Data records
========================================
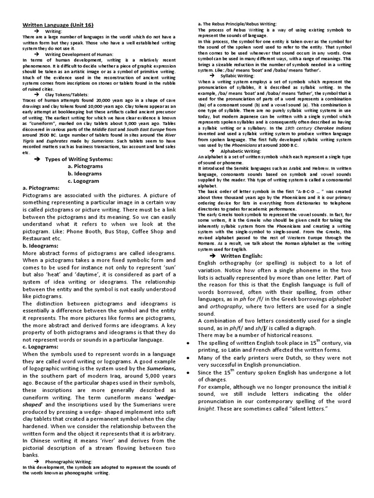 Written Language (Unit 16) a.
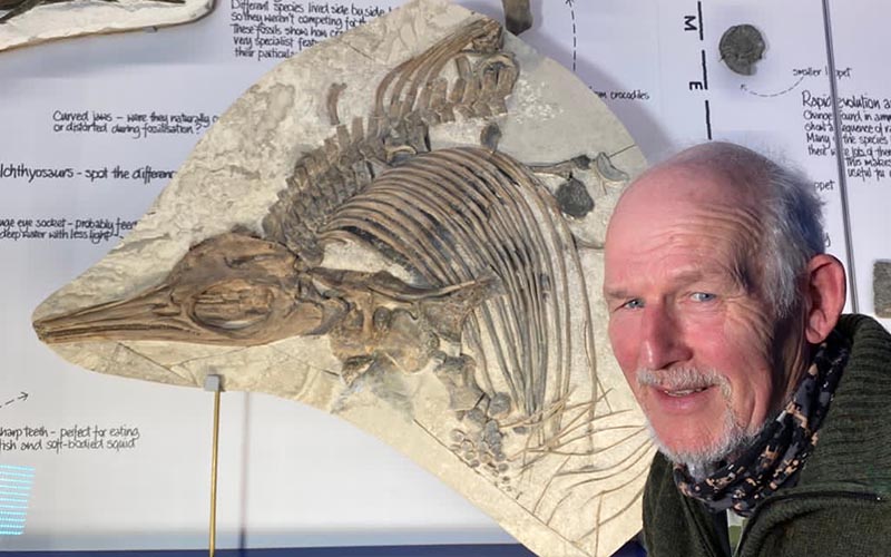 Dorset fossil hunter Dr Steve Etches MBE has unearthed a new type of prehistoric ‘sea dragon’ on a Dorset beach. He found it buried head-first in limestone.
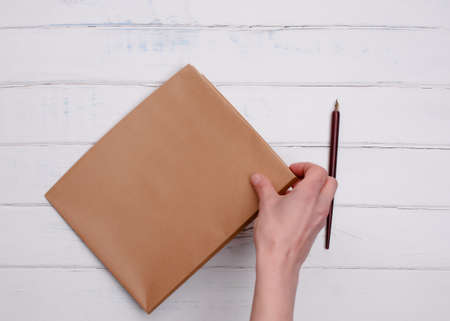 One Craft envelop in hand and ink pencil on the white wooden background
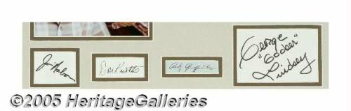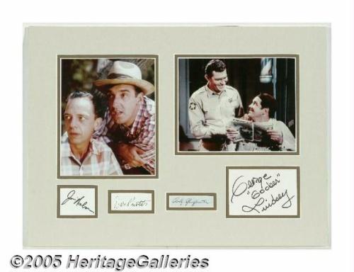 <B>"Andy Griffith Show" Signatures.</B></I> Signature samples from "Andy Griffith Show" co-stars Andy Griffith, Don Knotts, Jim Nabors, and George "Goober" Lindsey, matted along with two 5" x 7" color photos of the actors. <I>With COA from PSA/DNA.</B></I>
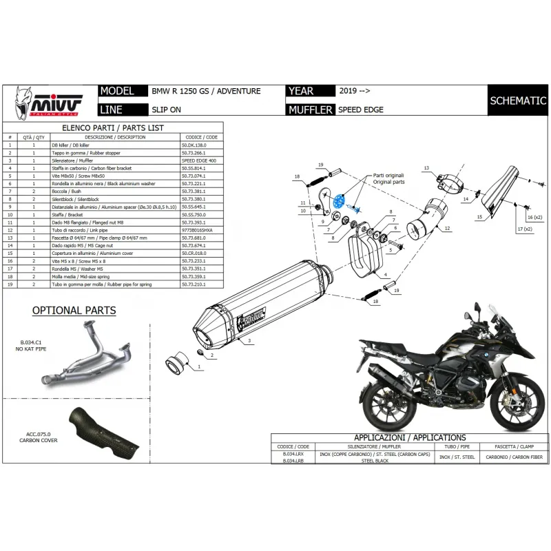 Bmw R 1250 GS / Adventure Mivv Tubo Elimina Kat Catalizzatore Moto Collettori Di Scarico
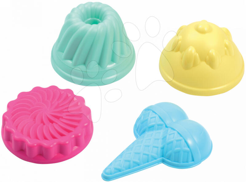 Écoiffier homokozó szett erős műanyagból készült. A homokozó formák 18 hónapos kortól ajánlottak. A formák segítségével a kicsik gyönyörű alkotásokat fognak a homokozóban megvalósítani, ezzel fejlődik fantáziájuk és kreativitásuk egyben. A játék formák méretei 15*11*10 cm. A homokozó forma szett 4 darab formából áll. A csomagban különféle alakú homokozó for
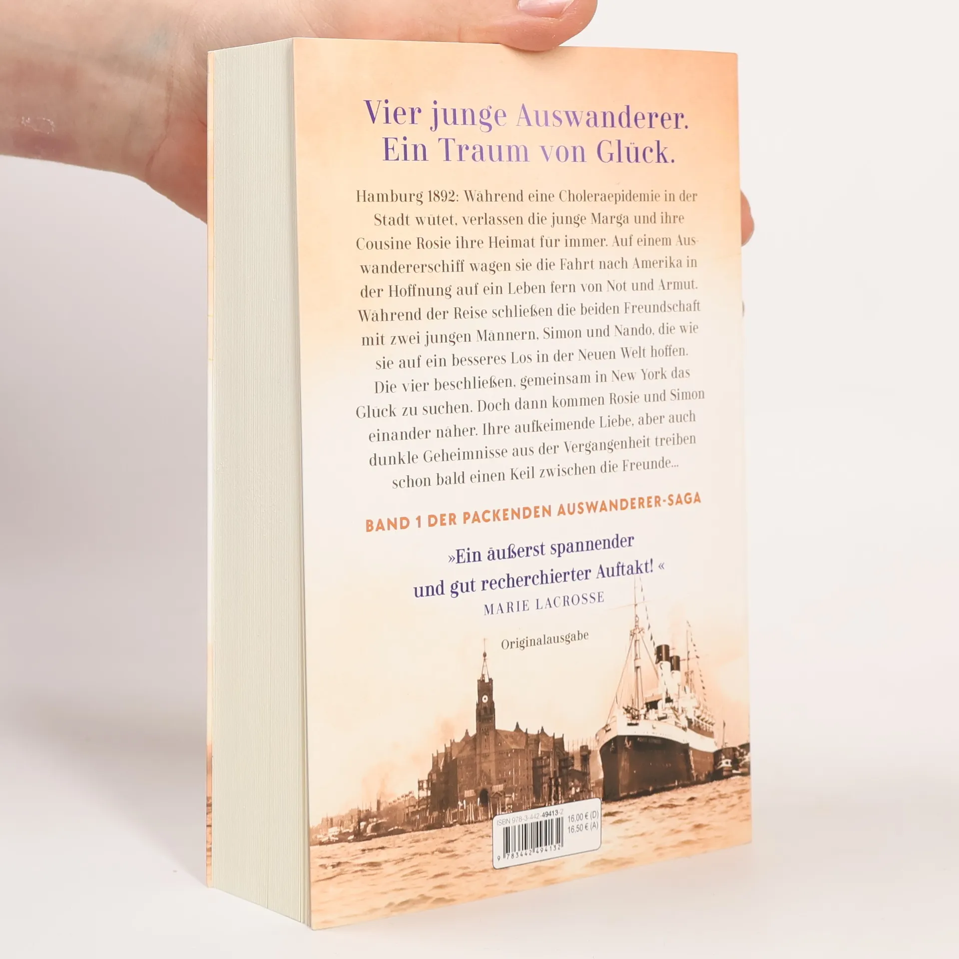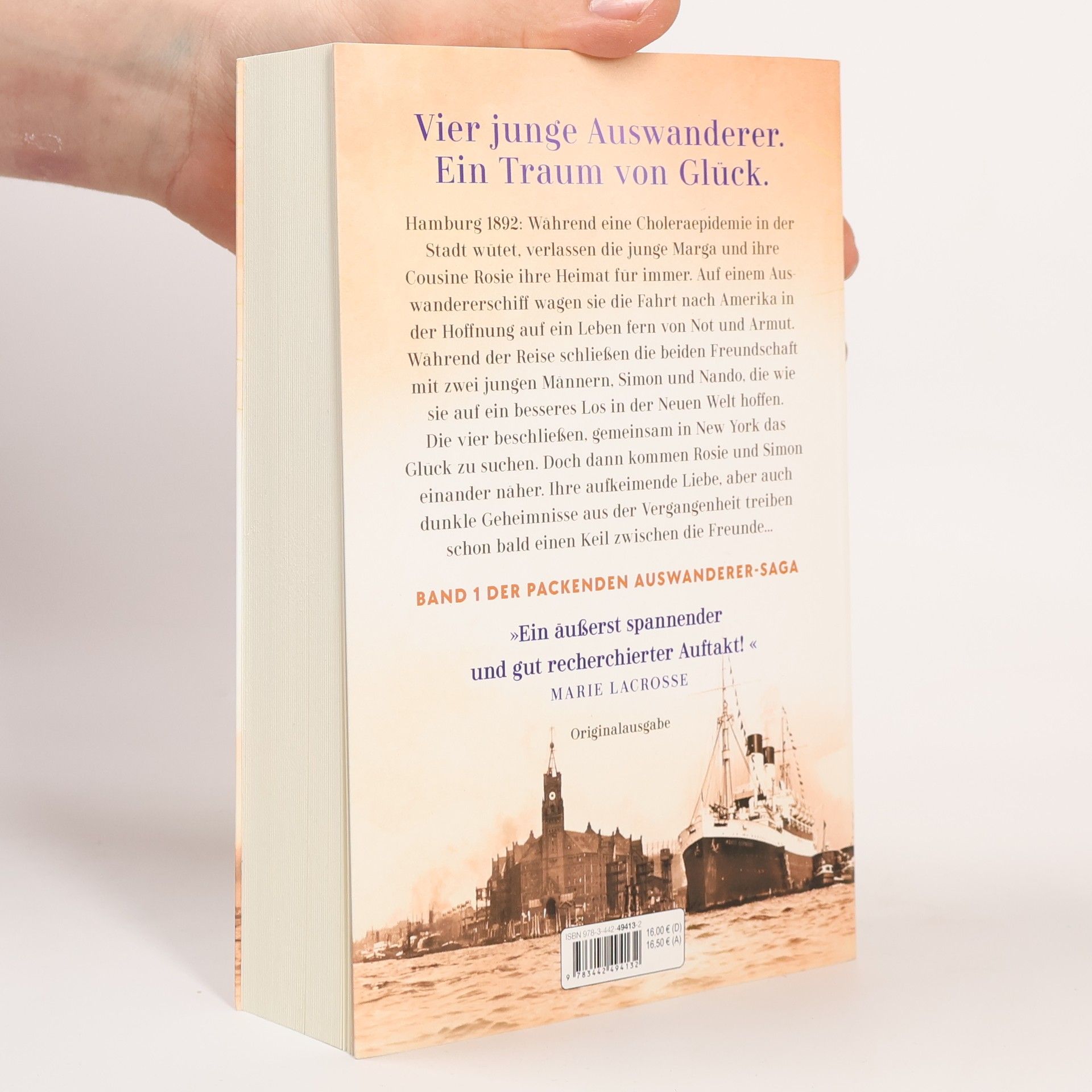 Vier junge Auswanderer suchen ihr Glück in der Neuen Welt … Hamburg 1892: Während eine Choleraepidemie in der Stadt wütet, verlassen die junge Marga und ihre Cousine Rosie ihre Heimat für immer. Auf einem Auswandererschiff wagen sie die Fahrt nach Amerika in der Hoffnung auf ein Leben fern von Not und Armut. Während der langen Reise schließen die beiden Freundschaft mit zwei jungen Männern, Simon und Nando, die wie sie auf ein besseres Los in der Neuen Welt hoffen. Die vier beschließen, gemeinsam in New York das Glück zu suchen. Doch dann kommen Rosie und Simon einander näher. Ihre aufkeimende Liebe, aber auch dunkle Geheimnisse aus der Vergangenheit treiben einen Keil zwischen die Freunde, und die Gruppe droht schon bald nach der Ankunft zu zerbrechen ...
========================================
* **WHAT IS REQUIRED**
Only the lines from the one containing "Dorset fossil hunter" through the final line of the entries belong in the copy, both ends included. Pictures stay out.

* **PROBLEM SOLUTION**
 Dorset fossil hunter Dr Steve Etches MBE has unearthed a new type of prehistoric ‘sea dragon’ on a Dorset beach. He found it buried head-first in limestone.
 One Craft envelop in hand and ink pencil on the white wooden background
 <B>"Andy Griffith Show" Signatures.</B></I> Signature samples from "Andy Griffith Show" co-stars Andy Griffith, Don Knotts, Jim Nabors, and George "Goober" Lindsey, matted along with two 5" x 7" color photos of the actors. <I>With COA from PSA/DNA.</B></I>
 Bmw R 1250 GS / Adventure Mivv Tubo Elimina Kat Catalizzatore Moto Collettori Di Scarico
 Écoiffier homokozó szett erős műanyagból készült. A homokozó formák 18 hónapos kortól ajánlottak. A formák segítségével a kicsik gyönyörű alkotásokat fognak a homokozóban megvalósítani, ezzel fejlődik fantáziájuk és kreativitásuk egyben. A játék formák méretei 15*11*10 cm. A homokozó forma szett 4 darab formából áll. A csomagban különféle alakú homokozó for
 Vier junge Auswanderer suchen ihr Glück in der Neuen Welt … Hamburg 1892: Während eine Choleraepidemie in der Stadt wütet, verlassen die junge Marga und ihre Cousine Rosie ihre Heimat für immer. Auf einem Auswandererschiff wagen sie die Fahrt nach Amerika in der Hoffnung auf ein Leben fern von Not und Armut. Während der langen Reise schließen die beiden Freundschaft mit zwei jungen Männern, Simon und Nando, die wie sie auf ein besseres Los in der Neuen Welt hoffen. Die vier beschließen, gemeinsam in New York das Glück zu suchen. Doch dann kommen Rosie und Simon einander näher. Ihre aufkeimende Liebe, aber auch dunkle Geheimnisse aus der Vergangenheit treiben einen Keil zwischen die Freunde, und die Gruppe droht schon bald nach der Ankunft zu zerbrechen ...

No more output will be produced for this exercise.